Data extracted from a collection
• • •

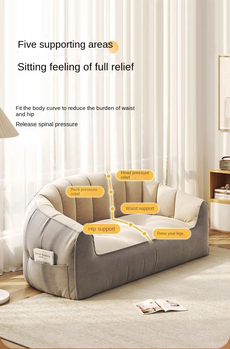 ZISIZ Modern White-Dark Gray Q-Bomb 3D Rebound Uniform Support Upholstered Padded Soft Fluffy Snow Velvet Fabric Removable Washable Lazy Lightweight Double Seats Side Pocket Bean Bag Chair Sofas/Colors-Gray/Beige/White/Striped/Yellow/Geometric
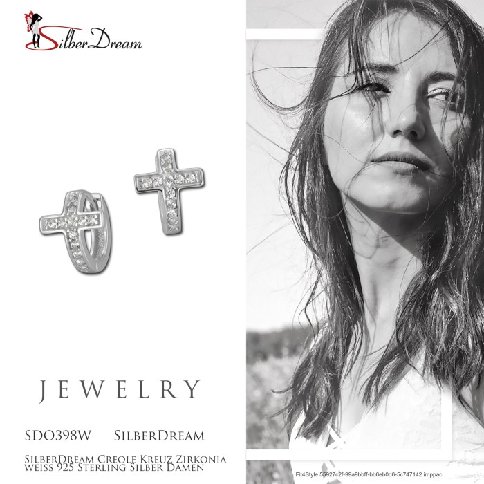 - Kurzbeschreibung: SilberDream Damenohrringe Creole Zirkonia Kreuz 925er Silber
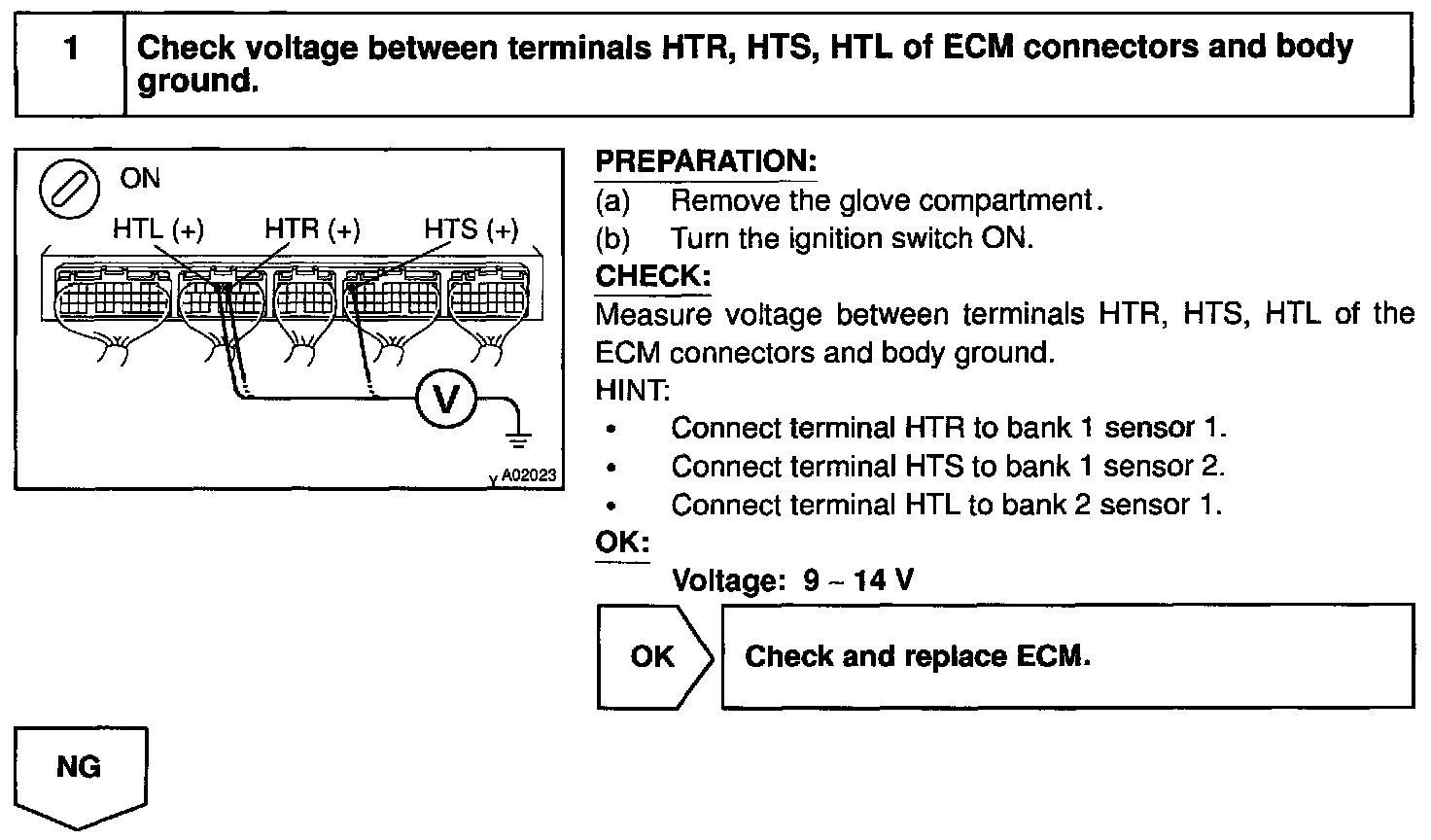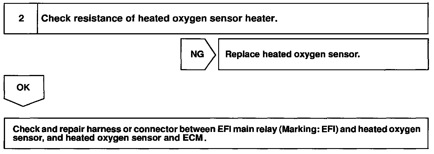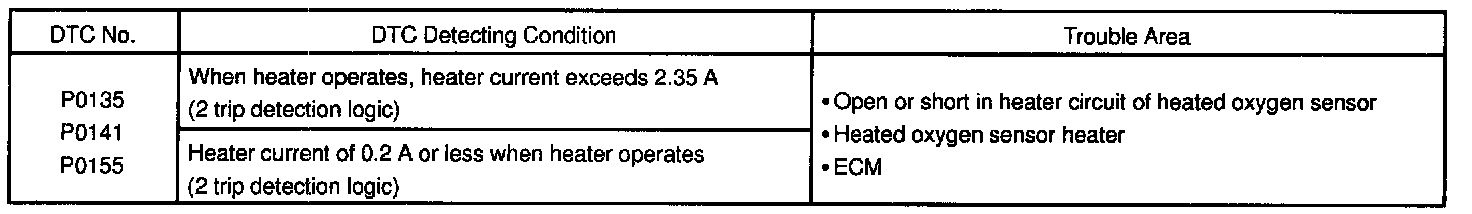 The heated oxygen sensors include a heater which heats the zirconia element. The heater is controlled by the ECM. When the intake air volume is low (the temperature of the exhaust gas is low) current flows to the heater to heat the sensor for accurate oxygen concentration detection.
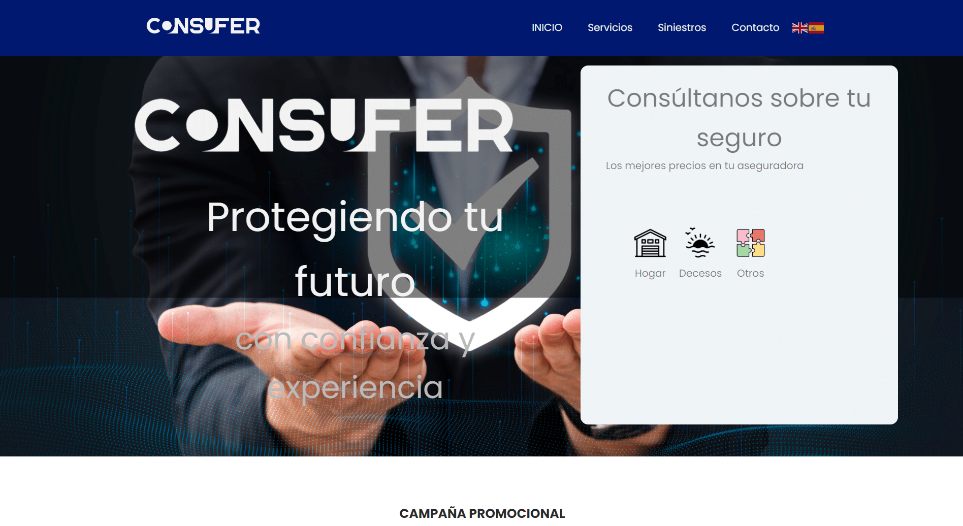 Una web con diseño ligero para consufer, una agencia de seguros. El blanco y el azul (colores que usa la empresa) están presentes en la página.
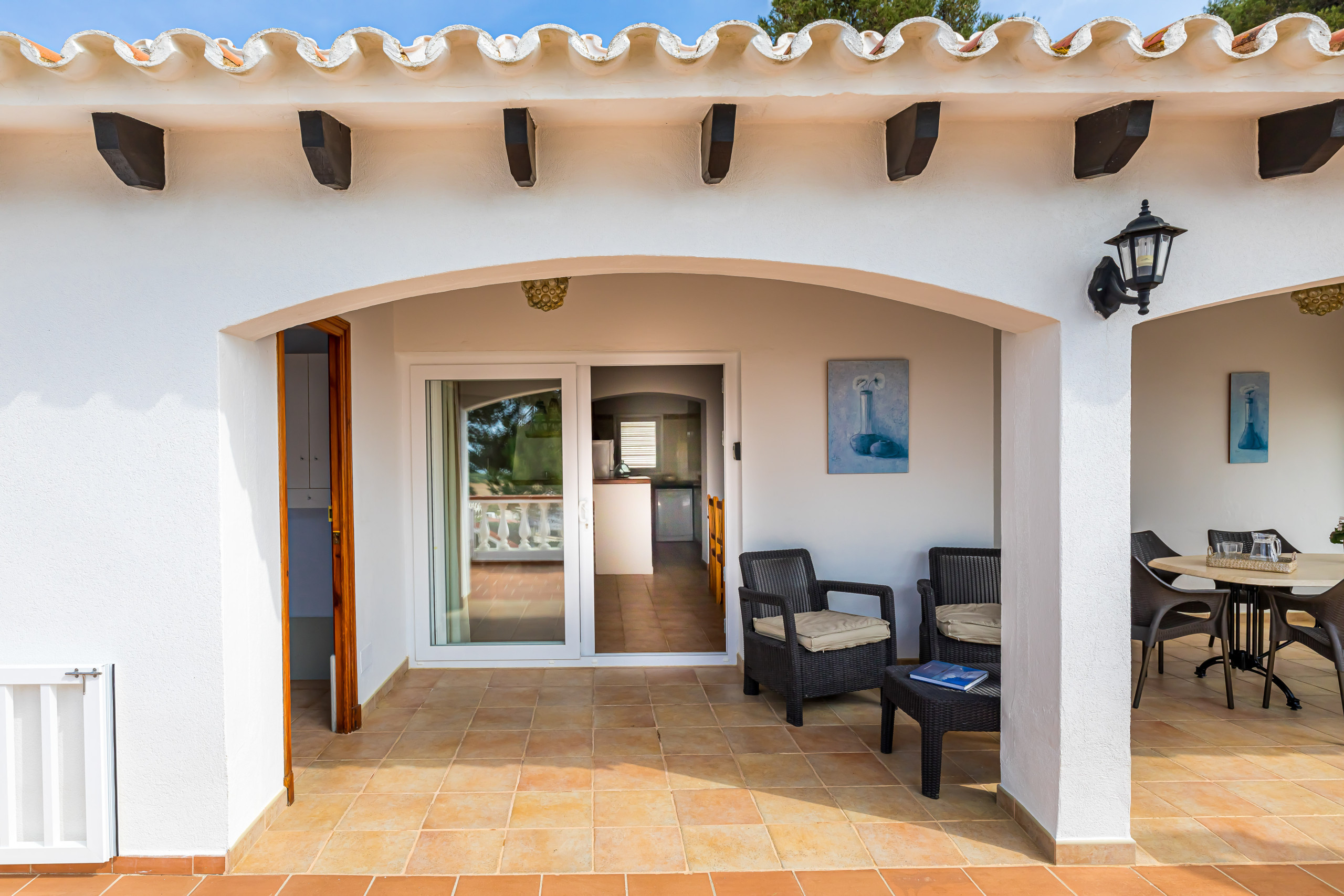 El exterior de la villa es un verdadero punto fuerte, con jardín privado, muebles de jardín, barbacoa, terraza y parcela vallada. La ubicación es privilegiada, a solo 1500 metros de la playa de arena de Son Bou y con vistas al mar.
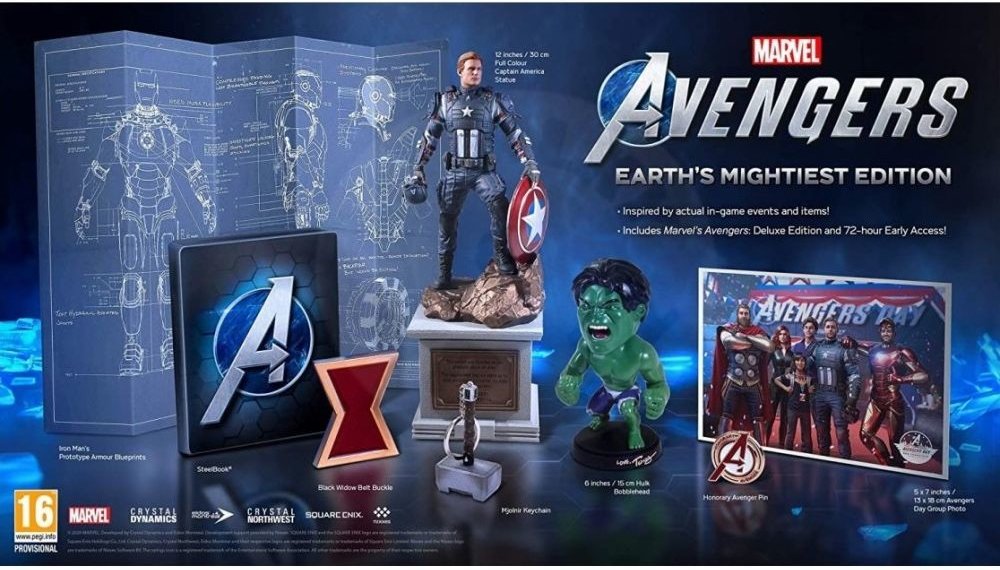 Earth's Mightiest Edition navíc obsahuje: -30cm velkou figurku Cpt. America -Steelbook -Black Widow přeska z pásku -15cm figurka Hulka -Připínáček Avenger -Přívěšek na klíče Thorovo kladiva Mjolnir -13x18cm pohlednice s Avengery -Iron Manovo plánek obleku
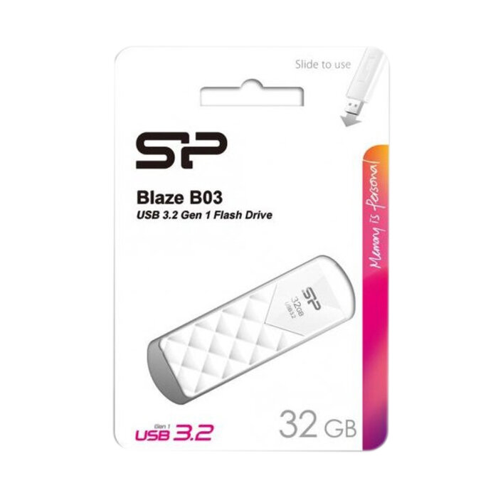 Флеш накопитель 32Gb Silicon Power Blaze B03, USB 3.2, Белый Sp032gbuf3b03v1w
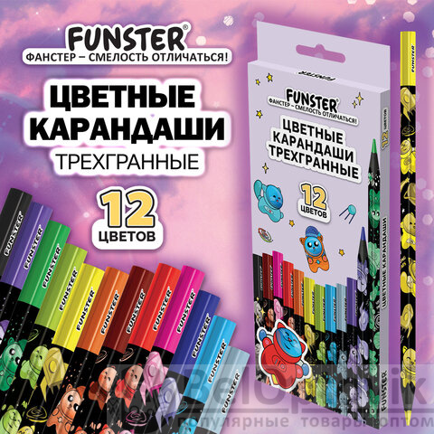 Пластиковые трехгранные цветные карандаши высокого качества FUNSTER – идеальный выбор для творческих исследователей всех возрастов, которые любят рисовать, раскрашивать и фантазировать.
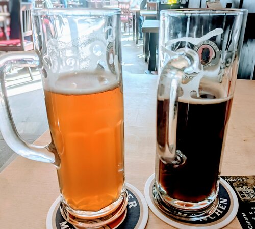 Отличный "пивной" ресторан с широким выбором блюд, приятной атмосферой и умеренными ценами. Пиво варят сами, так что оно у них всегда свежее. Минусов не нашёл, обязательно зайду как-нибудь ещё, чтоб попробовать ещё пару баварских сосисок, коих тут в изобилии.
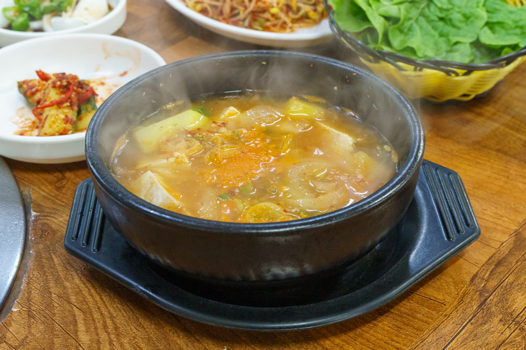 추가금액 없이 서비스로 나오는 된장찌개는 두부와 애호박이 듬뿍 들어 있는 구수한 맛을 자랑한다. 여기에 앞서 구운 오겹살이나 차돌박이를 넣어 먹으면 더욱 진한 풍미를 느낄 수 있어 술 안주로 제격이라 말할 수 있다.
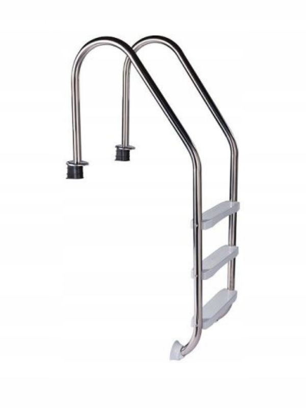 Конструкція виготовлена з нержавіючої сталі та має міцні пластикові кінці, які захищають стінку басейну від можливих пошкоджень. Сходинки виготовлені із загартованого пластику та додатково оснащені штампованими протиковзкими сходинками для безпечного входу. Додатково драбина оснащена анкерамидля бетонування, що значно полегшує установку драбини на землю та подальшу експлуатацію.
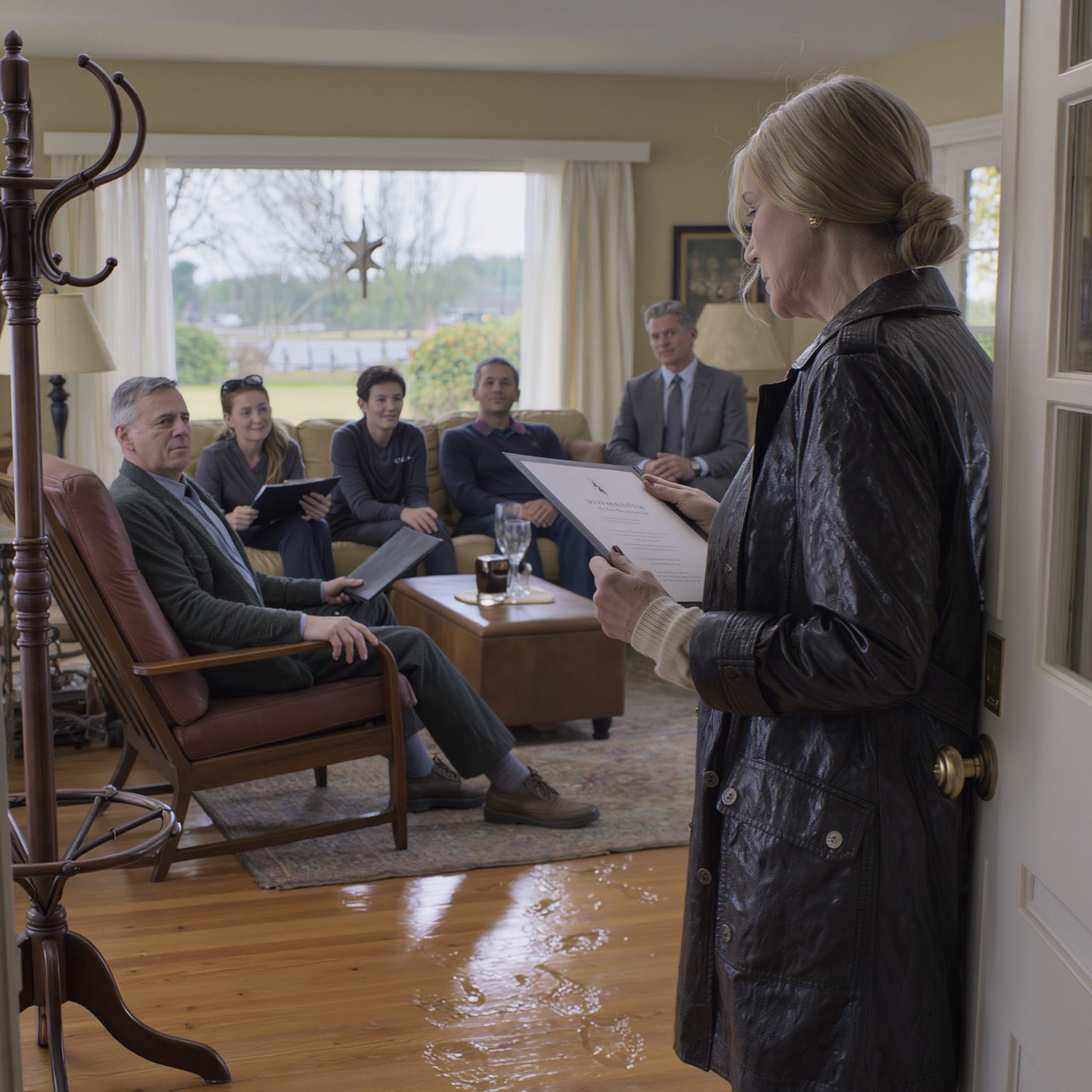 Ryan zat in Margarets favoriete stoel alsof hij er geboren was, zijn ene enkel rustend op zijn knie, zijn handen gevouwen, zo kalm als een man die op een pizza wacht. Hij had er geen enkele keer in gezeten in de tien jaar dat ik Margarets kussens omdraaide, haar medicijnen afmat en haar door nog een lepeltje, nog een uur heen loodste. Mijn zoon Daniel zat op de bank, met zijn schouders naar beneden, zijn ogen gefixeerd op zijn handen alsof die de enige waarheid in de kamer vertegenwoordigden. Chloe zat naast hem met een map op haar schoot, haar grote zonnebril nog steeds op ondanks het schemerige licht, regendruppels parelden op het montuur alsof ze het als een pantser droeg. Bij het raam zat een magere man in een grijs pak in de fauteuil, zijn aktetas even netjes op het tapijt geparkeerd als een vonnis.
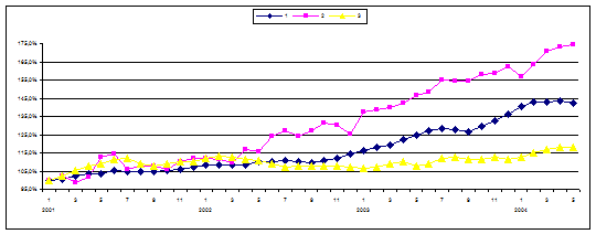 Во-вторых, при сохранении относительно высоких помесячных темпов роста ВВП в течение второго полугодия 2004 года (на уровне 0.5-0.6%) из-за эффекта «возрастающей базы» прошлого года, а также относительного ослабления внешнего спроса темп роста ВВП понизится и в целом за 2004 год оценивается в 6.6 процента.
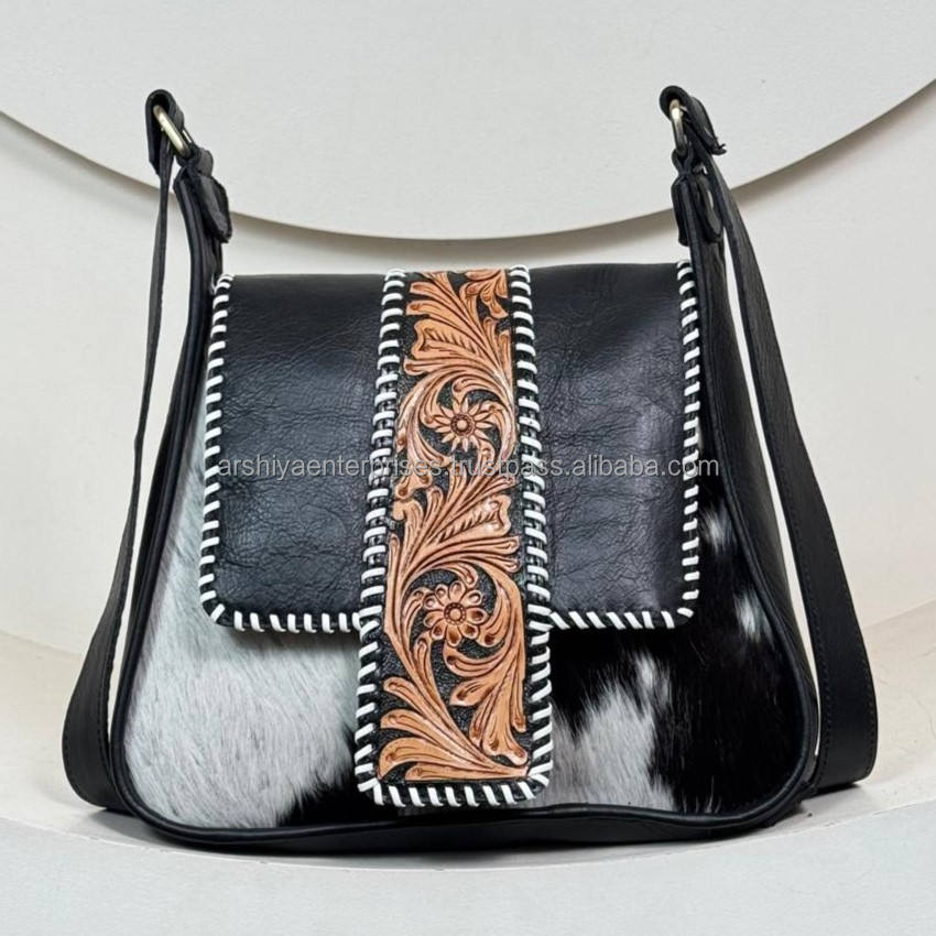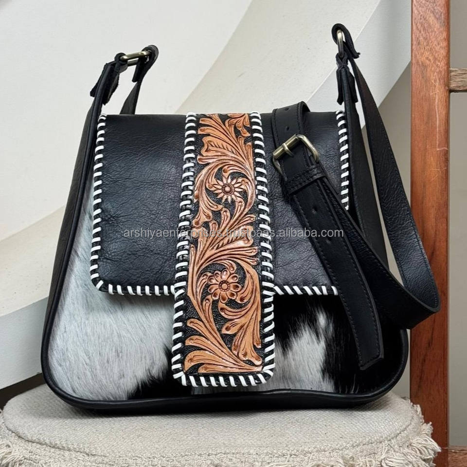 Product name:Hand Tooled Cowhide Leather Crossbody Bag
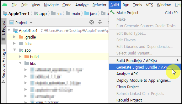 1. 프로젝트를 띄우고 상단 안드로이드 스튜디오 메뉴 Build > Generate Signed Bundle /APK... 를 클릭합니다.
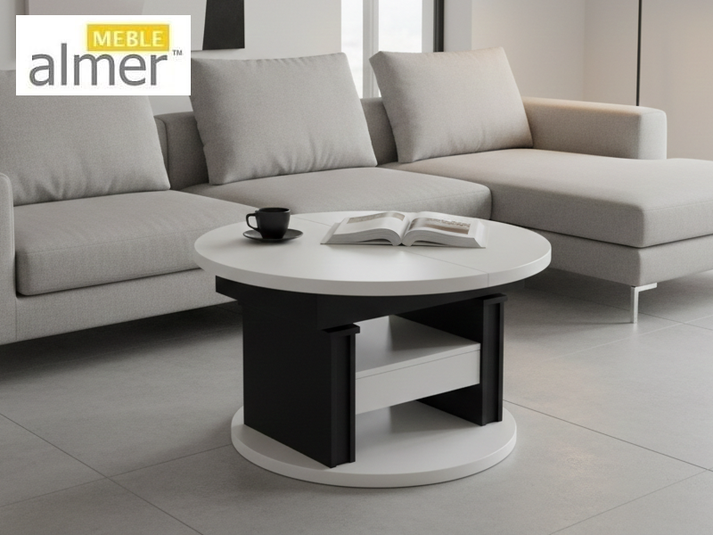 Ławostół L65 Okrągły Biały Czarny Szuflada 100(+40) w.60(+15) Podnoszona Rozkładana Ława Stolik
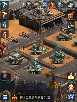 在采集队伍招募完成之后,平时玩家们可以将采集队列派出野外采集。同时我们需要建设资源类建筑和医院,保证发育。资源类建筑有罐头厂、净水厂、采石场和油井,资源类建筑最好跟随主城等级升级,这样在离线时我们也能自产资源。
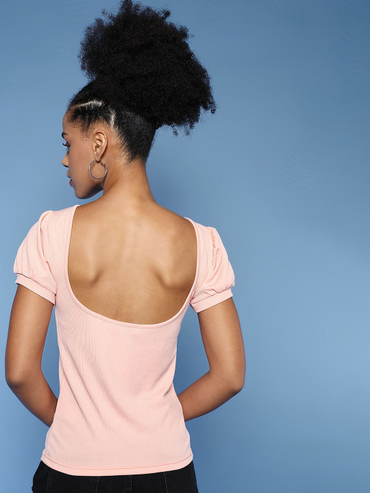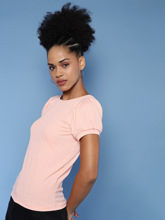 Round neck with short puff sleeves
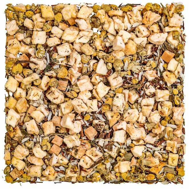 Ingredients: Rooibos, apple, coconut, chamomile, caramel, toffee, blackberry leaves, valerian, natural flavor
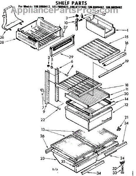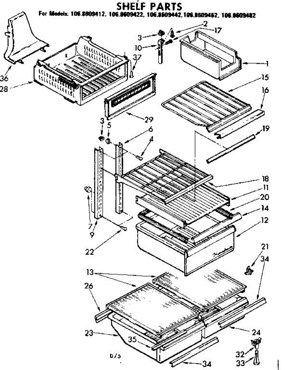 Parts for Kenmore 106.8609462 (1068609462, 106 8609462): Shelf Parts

• • •

# What is required:
Set the pictures aside and transcribe exactly the stretch of lines above, beginning with the one holding "추가금액 없이 서비스로" and ending with the one holding "Конструкція виготовлена з".

# Solution:
 추가금액 없이 서비스로 나오는 된장찌개는 두부와 애호박이 듬뿍 들어 있는 구수한 맛을 자랑한다. 여기에 앞서 구운 오겹살이나 차돌박이를 넣어 먹으면 더욱 진한 풍미를 느낄 수 있어 술 안주로 제격이라 말할 수 있다.
 Конструкція виготовлена з нержавіючої сталі та має міцні пластикові кінці, які захищають стінку басейну від можливих пошкоджень. Сходинки виготовлені із загартованого пластику та додатково оснащені штампованими протиковзкими сходинками для безпечного входу. Додатково драбина оснащена анкерамидля бетонування, що значно полегшує установку драбини на землю та подальшу експлуатацію.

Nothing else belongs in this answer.